- Born: 27 July 1929 Gosport
- Died: 21 October 2008 (aged 79)
- Alma mater: University of Southampton ;
- Awards: Lise Meitner Prize (2002); Institute of Physics Ernest Rutherford Medal and Prize (1994); Fellow of the Royal Society ;
- Academic career
- Institutions: Atomic Energy Research Establishment (1951–); University of Sussex (1962–1994) ;
- Doctoral advisor: Hermann Arthur Jahn

= James Philip Elliott =

British physicist

James Philip "Phil" Elliott (born 27 July 1929 in Gosport; died 21 October 2008 in Lewes) was a British theoretical nuclear physicist.

==Life==
Elliott studied at the University of Southampton, where he graduated in physics in 1949 and received his doctorate in theoretical nuclear physics under Hermann Arthur Jahn. From 1951 he was in the theory department of the Atomic Energy Research Establishment in Harwell. First he worked on neutron transport in reactors before turning to the core structure. In cooperation with the head of the theory department Brian Flowers, fundamental work was carried out in the 1950s that helped to unite the shell model with collective models of the core structure. In particular, they investigated the structure of light nuclei (oxygen, fluorine). He was at the University of Rochester for a year and was from 1962 professor at the University of Sussex, where he retired in 1994, but remained scientifically active until his death. From 1979 to 1984 he was dean of the Faculty of Mathematics and Science.

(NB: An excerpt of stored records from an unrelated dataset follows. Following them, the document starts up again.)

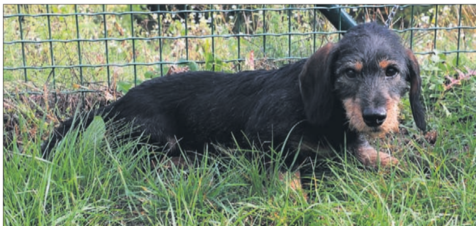
Tudi Jar je pasme resasti jazbečar, star 1 leto.
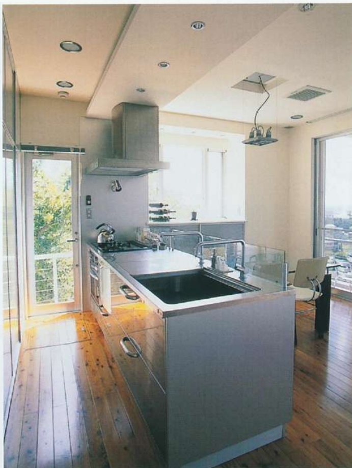
キッチン、1階全体を見渡せる対面式。「娘がまだ目を離せないで、これだけオープンだと本当に助かりますね。将来は娘にも手伝えたいので、ダイニング側からも使えるよう、カウンターはつけませんでした」（奥さま）
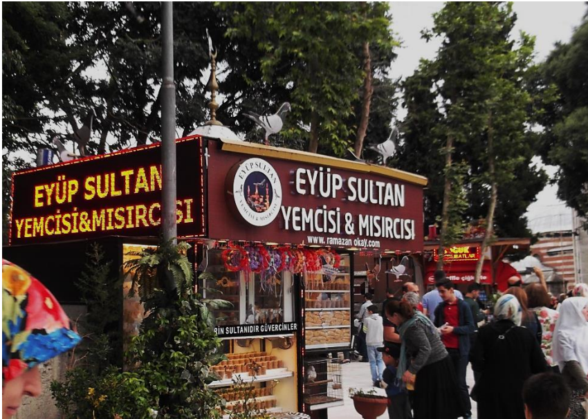
Resim 10 Eyüp Meydan

Şehrin ruhunu en iyi ifade eden mekân olan Eyüp 'ün meydanına biraz dışardan baktığımızda bunun ne kadar doğru olduğunu anlıyoruz. Ruhumuzun tam orta noktasında dev bir ekran, etrafında kargaşa ve bekleyiş var.
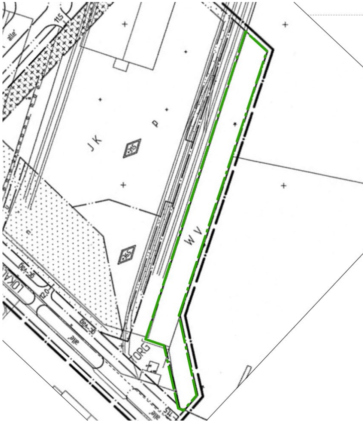
Utdrag från del av detaljplan för Västra Lundbyhamnen inom stadsdelen Lundbyvassen i Göteborg, akt II-4581

Planområdet omfattar del av fastigheten Lundbyvassen 736:155 som ägs av Göteborgs kommun. Områdets totala areal är cirka 3667 m 2 .
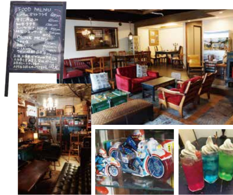
「時元」とは時代を元にもどす。和風回帰。地元の職人さんによって作られた、和モダン、ハイカラな雰囲気の中で非日常的な時間を提供。foods & drinkの多国籍料理や世界のビールもあります。落ち着くガレージを改装した個室、ブリキのおもちゃも売っています。
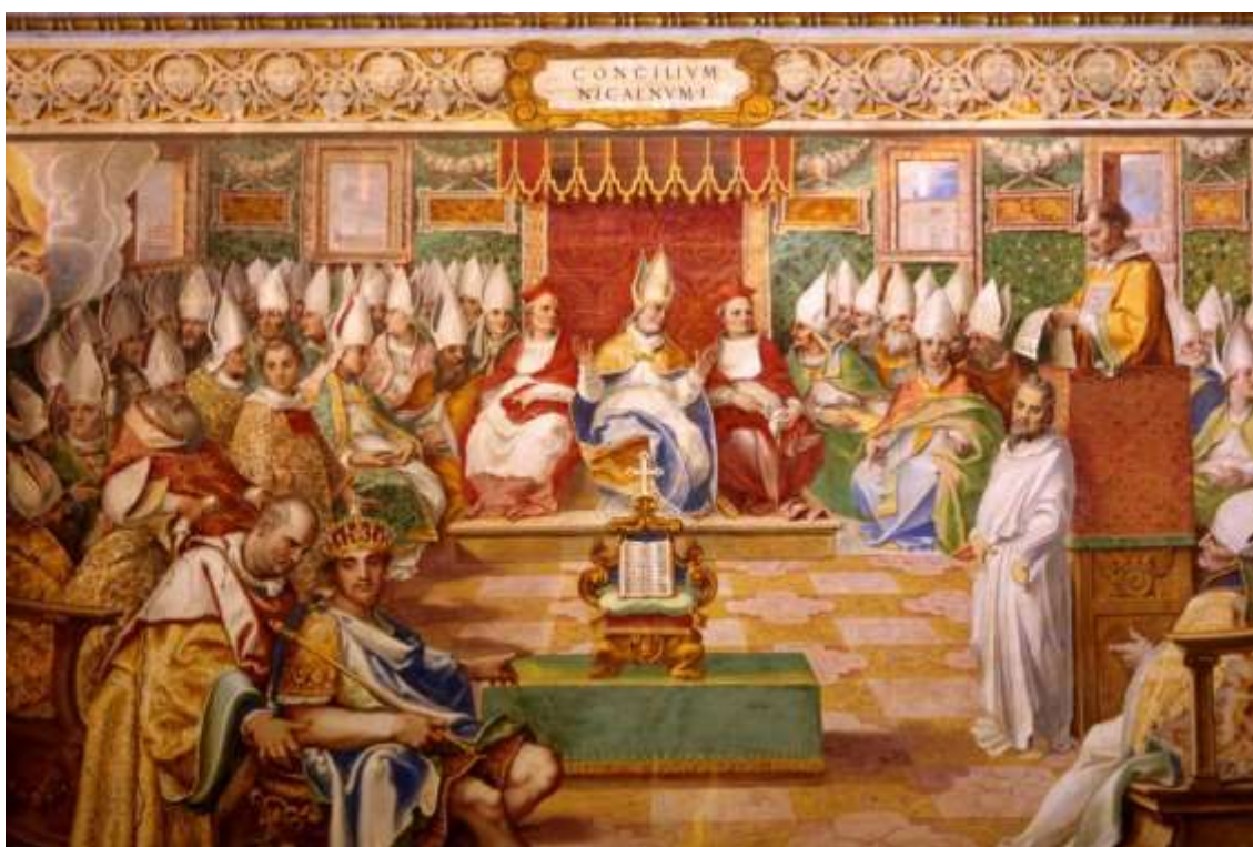
Primeiro Concílio de Niceia | Foto: Wikimedia Commons

Festa móvel, a Páscoa não está fixada no calendário civil, como o Natal ou o Dia da Independência. Pelas regras estabelecidas pela Igreja Católica no século 4, no Concílio Ecumênico de Niceia (325), celebra-se a Páscoa no domingo após a primeira lua cheia, depois do equinócio da primavera boreal.
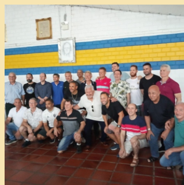
7ª Delegacia - Chapecó
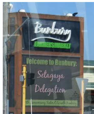
マーケットの看板

今回の訪問では、このファーマーズマーケットだけでなく、町のいたる所に親善訪問を歓迎する電光表示やフラッグが掲げられており、町全体でおもてなしをしようという気持ちが強く伝わってきました。この町ぐるみの歓迎の取り組みは、バンバリーを初めとした姉妹都市の方々がいらっしゃった際には、是非、世田谷でも実施すべきではないかと、気づかされました。
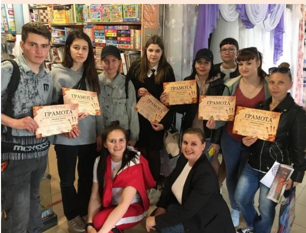
Студенты 1 курса Троицкого медицинского колледжа приняли участие в квесте на приз редакции газеты "Вперед"
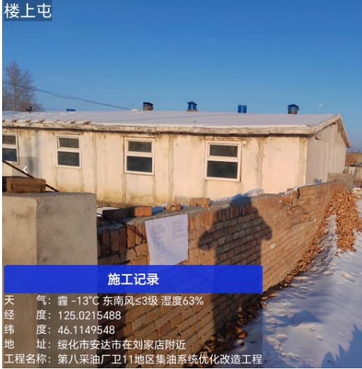
楼上屯公示期照片
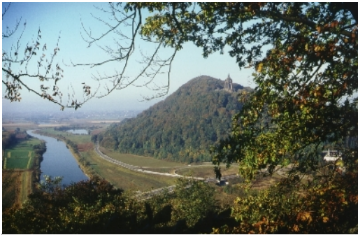
Blick von der Porta-Kanzel zum Kaiser-Wilhelm-Denkmal / Wiehengebirge
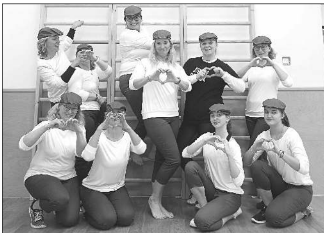
Hlásnotřebaňské sokolky při nácvičce na slet.

V červenci se bude v Praze konat XVII. všesokolský slet, společenská událost, která nemá ve světě obdoby. V Hlásné Třebani je teď kolem Sokola skvělá parta, proto jsme si řekli, že na sletu nesmíme chybět. Přípravy začaly před více než půl druhým rokem. Už na podzim 2022 jsme neotrpělivě očekávali, jaké budou hromadné skladby a přemýšleli o tom, že bychom se sletu v roce 2024 chtěli jako jednota účastnit. Po první prezentaci skladeb bylo jasno. Nadchly nás hned tři skladby - pro předškoláky Mravence, pro dorostenky i ženy V rytmu srdce a do třetice pro ženy Babí léto. Každá skladba má své mimální jednotky, tedy oddíly cvičenců, které představují část celku nebo také obrazce, které vzniknou při hromadných skladbách na stadionu v pražském Edenu. Mravence nacvičujeme jako dva oddíly - 2 dos-

Elliott was a pioneer in the application of group theory in nuclear physics with work on the application of the SU(3) group in the theory of nuclear structure in 1958. He also wrote a monograph on group theory applications in physics. He later developed interaction matrix elements for nuclear structure calculations (for example with Hartree-Fock methods) at the University of Sussex, which were derived from scattering matrix elements of free nucleons and which became known as Sussex Matrix Elements. In the 1980s he dealt with the interacting boson model and its justification in shell theory.

He was married to Mavis Avery and had a son and a daughter. His hobbies were opera and gardening.
==Honours and awards==

Elliott was elected to the Royal Society in 1980. He was awarded the Ernest Rutherford Medal and Prize of the Institute of Physics in 1994 and the Lise Meitner Prize of the European Physical Society in 2002.